[Given data Boundary: Start]
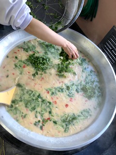 下段の写真は、ぞう煮にみつばを加えて仕上げているところです。
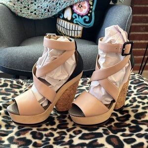 Blonde Ambition Black and Tan Y2K Heels Boho Sandals. Beautiful construction.
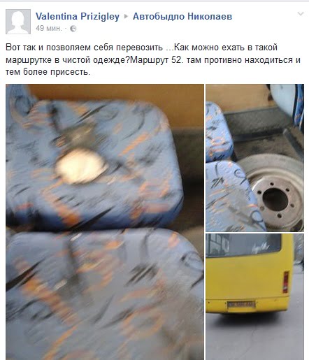 «Вот так и позволяем себя перевозить …Как можно ехать в такой маршрутке в чистой одежде? Маршрут 52. Там противно находиться и тем более присесть», — подписала Валентина опубликованные фотографии.
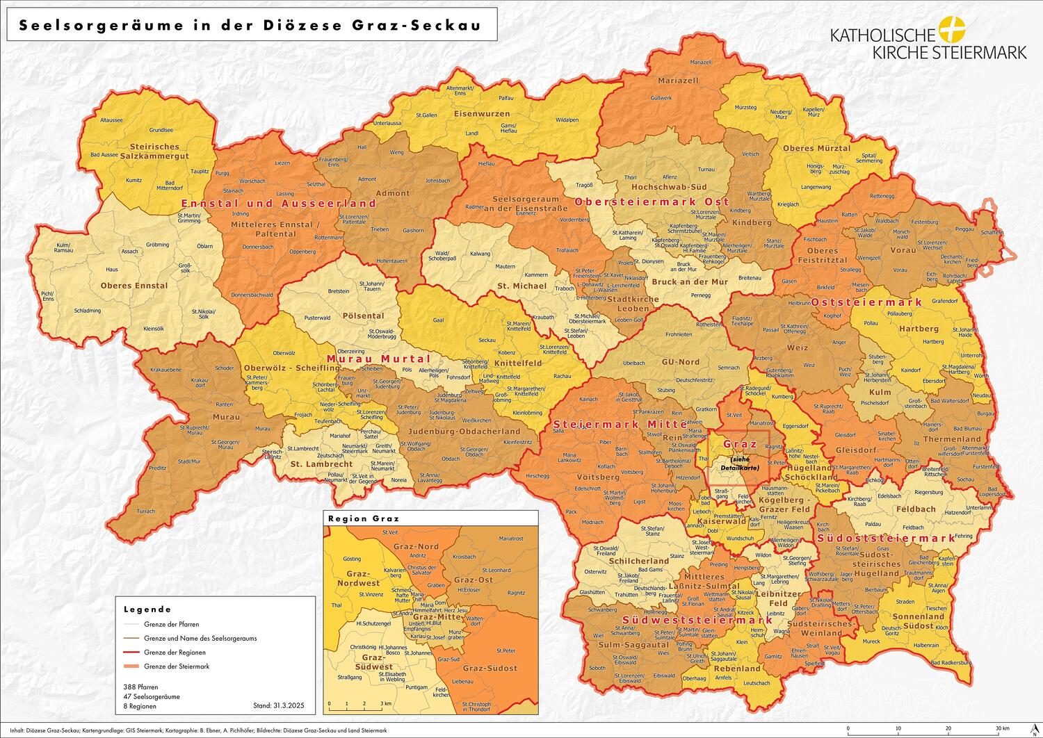 Seit 2020 wird Kirche vor Ort in der Steiermark in Seelsorgeräumen organisiert. Der Seelsorgeraum wird als Netzwerk aus Pfarren und anderen kirchlichen Erfahrungsräumen und Berührungspunkten verstanden.
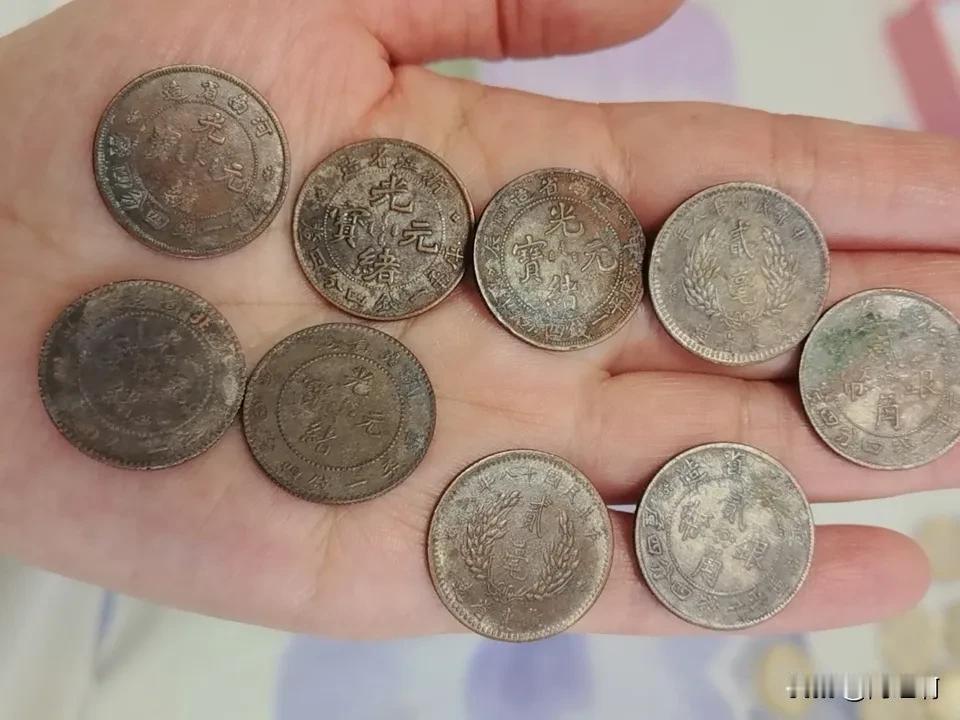 谁能帮忙看一下这是真假啊,在我家有十几年时间,亲戚当年送给孩子的,光绪元宝,有浙江省造,有云南省造,还有河南省造,江南省造,后背都是龙,就是有的图案清晰,有的不清晰,底下写着库平一钱四分四厘,还有一个写两角银币,那个是民国二十一年,那个是真的银子吗
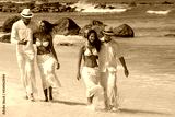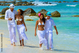 Girls and guys at the beach, two couples, walking on the seashore, interracial, black, dressed in white outfits, fun couples on the beach, young people
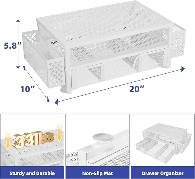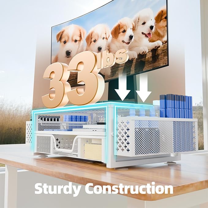 - Increases air flow to prevent overheating: The monitor stand is a mesh platform made of metal that improves air flow to your device, These holes also help prevent the dreaded overheating and keep your computer cool and in optimal working condition
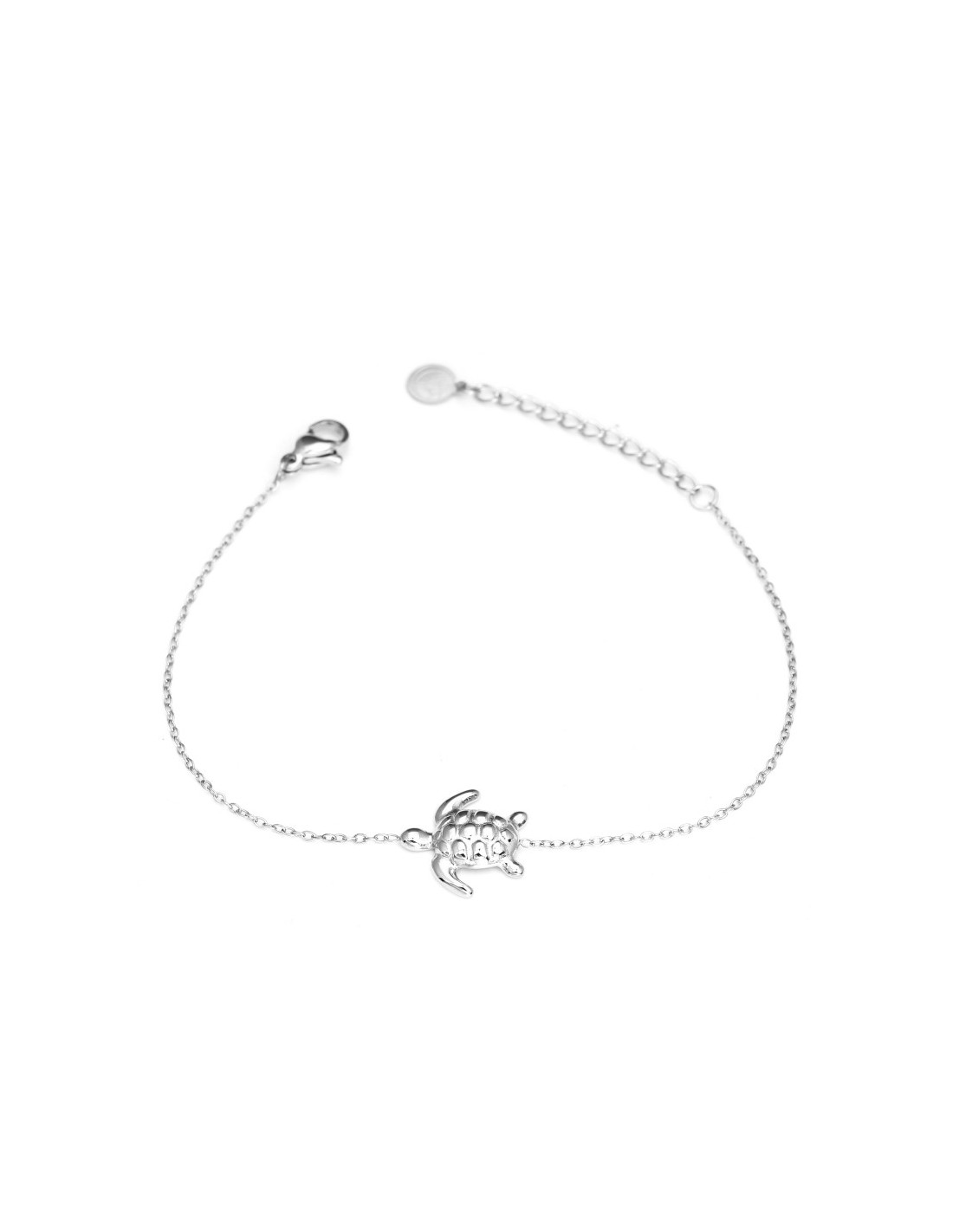 Pulsera delicada de cadena fina en color plateado, decorada con un pequeño colgante en forma de tortuga. El diseño es ligero, elegante y adecuado para uso diario.
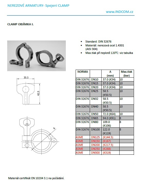| Type | DN100, CLAMP collar 119 mm |
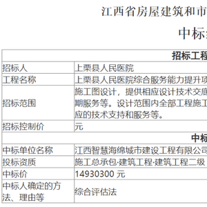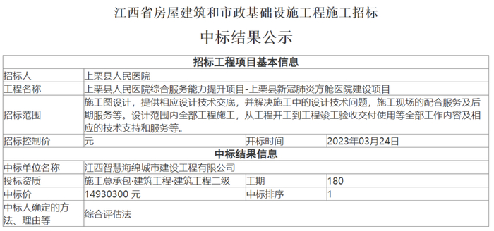 更早一点,今年3月24日,江西智慧海绵城市建设工程有限公司中标了江西省上栗县人民医院新冠肺炎方舱医院建设项目,公告显示,项目建筑面积3765平方米,项目资金来源为财政和自筹,中标价格为1493.03万元。
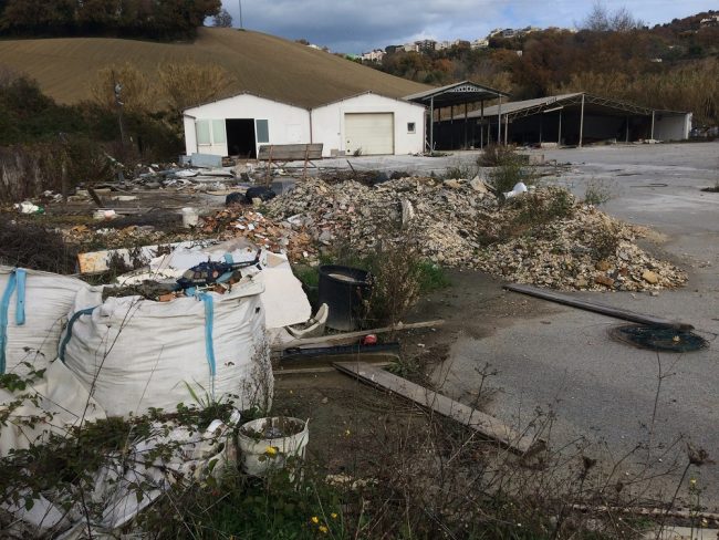 Un’area industriale ridotta a una sorta di terra di nessuno, nel verde delle valle del Miano, appena fuori dell’omonimo (Vallemiano) rione di Ancona, a pochi metri dall’inizio dell’area protetta del Parco del Conero. Una terra di nessuno, quella dove sorge l’ex stabilimento della srl Edilcost. Perché di fatto, come minimo da tre anni, abbandonata a se stessa, e facilmente accessibile. Trasformata, in pratica, in un’enorme discarica, in buona parte a cielo aperto. Dov’è difficile demarcare i confini tra i quintali e quintali di materiale di risulta e di servizio “figlio” dell’attività produttiva della società edile a responsabilità limitata – dichiarata fallita con sentenza del Tribunale di Ancona il 7 maggio 2015 – e l’altrettanto gigantesca quantità di ciò che, ugualmente classificabile come rifiuti, è stato depositato probabilmente e piratescamente un po’ a macchia di leopardo su una superficie complessiva di ben 3.800 metri quadri.
[Given data Boundary: End]
Prompt: Print again, exactly, the lines of the records above from the first line through the line with "Blonde Ambition Black". No pictures.

Completed exercise:
 下段の写真は、ぞう煮にみつばを加えて仕上げているところです。
 Blonde Ambition Black and Tan Y2K Heels Boho Sandals. Beautiful construction.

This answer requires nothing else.